# Minneapolis Herf?



## Puffy69 (Sep 8, 2005)

Who wants to Herf on December 10th. Im in a band and going to be in town December 8th thru 11th. We are playing at The Lodge Bar in downtown.Lots of fun there.http://www.thelodgebar.com/ It would be nice to party and smoke with some of you BOTL's. If you dont party we can just smoke. I was thinking we could do an afternoon herf and everyone interested could bring their spouse out or come solo and get Jiggy with it..lol..Just kiddin on the Jiggy.I dont know where to smoke being that I am a visitor of your fine city. But Somebody please step up help me set this up. Sorry for the short notice. I just realized that I will be there the week after im in Milwaukee playin and herfn. Whos in?


----------



## Andyman (Jun 8, 2004)

I may be interested on checking you guys out.. is the Lodgebar cigar friendly?


bump...


----------



## Puffy69 (Sep 8, 2005)

Yes it is..and I might be able to get you and your friends a private VIP section.But I cant herf when Im playing..Im there for like, 3 days.I want to Herf outside of playing music too..


----------



## Puffy69 (Sep 8, 2005)

Bump..I will be in the cold city of Minneapolis on thursday for a gig all weekend..Any takers on Herfin.?Andyman might be in. I cant believe theres no BOTL's out there that want to Herf..Come on!!!http://www.thelodgebar.com/


----------



## RenoB (Oct 12, 2005)

Don't pass this up. Aside from his gigs, Roboman is the real deal - I've found his company to be quite enjoyable.


----------



## RobInMN (Dec 6, 2005)

I live in the Mpls area and I would love an opportunity to enjoy a cigar with some company, but unfortunately this weekend doesn't work at all for me.

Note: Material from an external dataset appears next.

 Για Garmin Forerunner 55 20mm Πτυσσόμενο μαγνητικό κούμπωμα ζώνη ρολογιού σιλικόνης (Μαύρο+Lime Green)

I don't want to make my first post a depressing one, but I'm curious since you say this place is cigar friendly. Last spring, Hennepin county (the county Minneapolis is in) enacted an anti-smoking ordinance outlawing all indoor smoking, including bars. Everyone scrambled all summer to secure outdoor patios, which was hard for some places downtown. I don't get downtown much (or out at all really), and to be honest, your post is the first I've heard of The Lodge Bar. Is this some sort of private club that is getting around the anti-smoking ordinance? or just cigar friendly on the patio? Anything outside will be extreamly cold with the highs foracasted to be 12-25-32 for Thursday-Sat.

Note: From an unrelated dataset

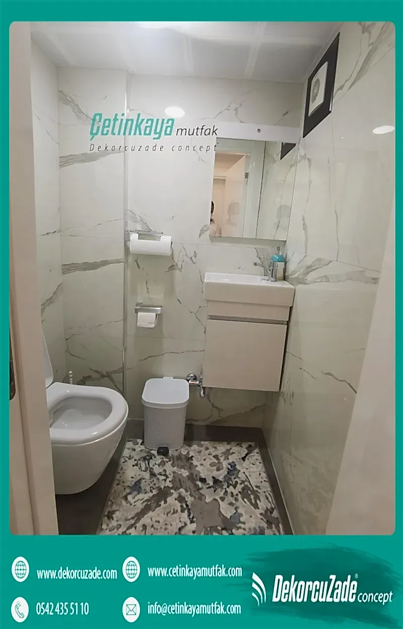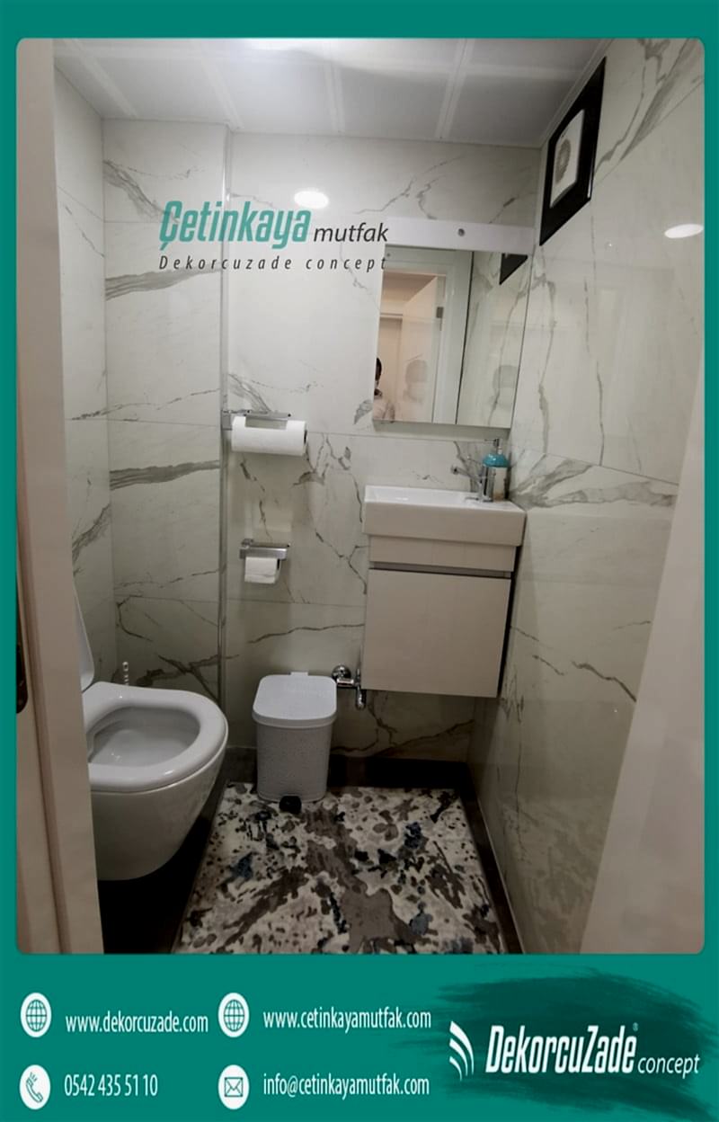 Elektrik ve su tesisatında ki hassasiyeti banyonuz da da göstermelisiniz ki sizi yarı yolda bırakmasın. Banyo tadilatından bir süre sonra komşunuzdan gelecek olan eleştirisel sözleri duymak istemiyor, yaptırmış olduğunuz dolapların şişmemesi ve renk değiştirmemesini istiyorsanız banyonuzun su ve elektrik tesisatına özen göstermelisiniz. Küçük banyo dekorasyonu için önerilerimiz açık renklerde dolaplar ve renkli aksesuarlar olacaktır . Küveti, lavaboyu ve klozetinizi banyonuzun konumuna göre seçerek aradığınız bütünlüğü ve pratikliği sağlayabilirsiniz.

Ramsey County (home of St. Paul), exempted bars (>50% sales being alcohol), otherwise you will need to go down to Dakota county or up to Anoka county.

-- Rob



roboman said:


> Bump..I will be in the cold city of Minneapolis on thursday for a gig all weekend..Any takers on Herfin.?Andyman might be in. I cant believe theres no BOTL's out there that want to Herf..Come on!!!http://www.thelodgebar.com/


----------



## Puffy69 (Sep 8, 2005)

RobInMN said:


> I live in the Mpls area and I would love an opportunity to enjoy a cigar with some company, but unfortunately this weekend doesn't work at all for me.
> 
> I don't want to make my first post a depressing one, but I'm curious since you say this place is cigar friendly. Last spring, Hennepin county (the county Minneapolis is in) enacted an anti-smoking ordinance outlawing all indoor smoking, including bars. Everyone scrambled all summer to secure outdoor patios, which was hard for some places downtown. I don't get downtown much (or out at all really), and to be honest, your post is the first I've heard of The Lodge Bar. Is this some sort of private club that is getting around the anti-smoking ordinance? or just cigar friendly on the patio? Anything outside will be extreamly cold with the highs foracasted to be 12-25-32 for Thursday-Sat.
> 
> ...


IM glad you mention that..I havent been there since spring..This is a very busy,open to the public bar downtown..there is a link to the bar on my original thread..I'll be pissed if I dont get to smoke this weekend..


----------